The first weekend in April saw Aberdeen-based First Group becoming the largest train operator in the UK. The Scottish transport colossus now employs 70,000 people across Great Britain and North America with an annual turnover of three and a half billion pounds. However, the impact on Britain’s burgeoning rail industry is more far reaching.
Taken with Chris Garnett and the Bransonians, Iain Coucher of Network Rail, Brian Burdsall at Northern Rail and Ian Brown at TfL, we now have an industry run by people who are actively passionate about railways rather than simply running rail businesses for share value.
oreover, these are people who can reconcile the alarming arithmetic of railway costs with popular aspiration for better, faster, transport. An expanded railway with new lines, more stations and trains can only benefit railway staff investing their careers in the industry.
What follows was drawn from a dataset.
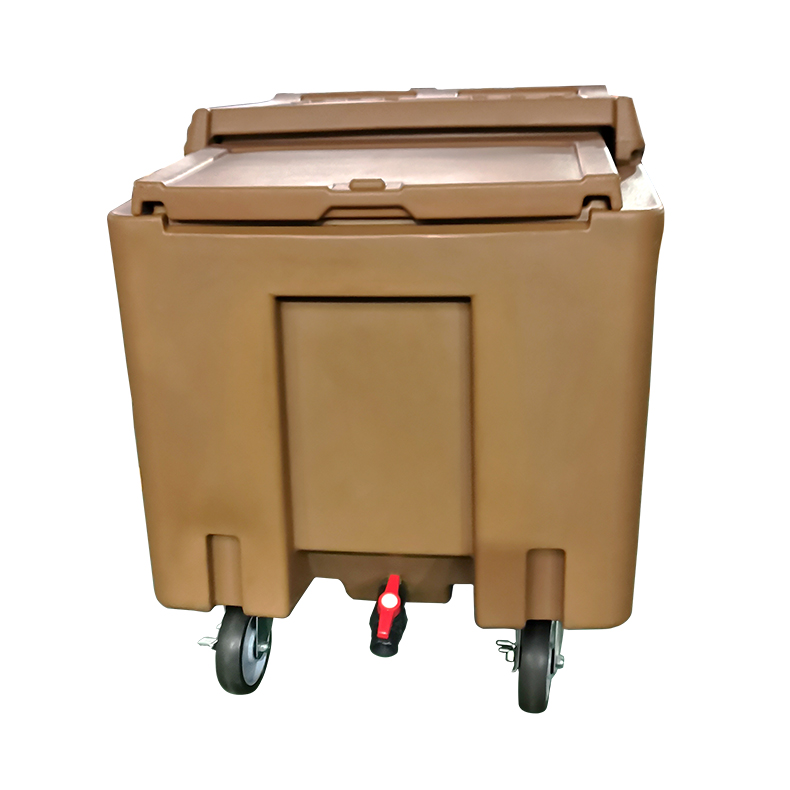 The ice storage truck with diagonal pull cover is unique in shape, beautiful and easy to use. The thick foam insulation layer has excellent thermal insulation performance . Whether in hot summer or humid places, ice cubes can be stored for several days. The unique water tank and water filter plate can separate the ice cubes from the water and extend the ice cube storage time. The well-designed handle makes the ice truck easy to move and carry.

‘People ask, what drives me?
In the early days I had no option. I had a wife and family to look after and I was earning apprentice wages. I just had to work all the hours I could and go to college on day release and night school.’ The Lockheads started a family quite soon after getting married and three sons and a daughter later are now enjoying the calmer benefits of grandparent-hood.
‘Of course our families were very supportive, but I think it taught us, me and my wife, that you’re on your own.’ County Durham in the sixties sported a landscape of moribund shipyards and failing coal mines. There was precious little money about.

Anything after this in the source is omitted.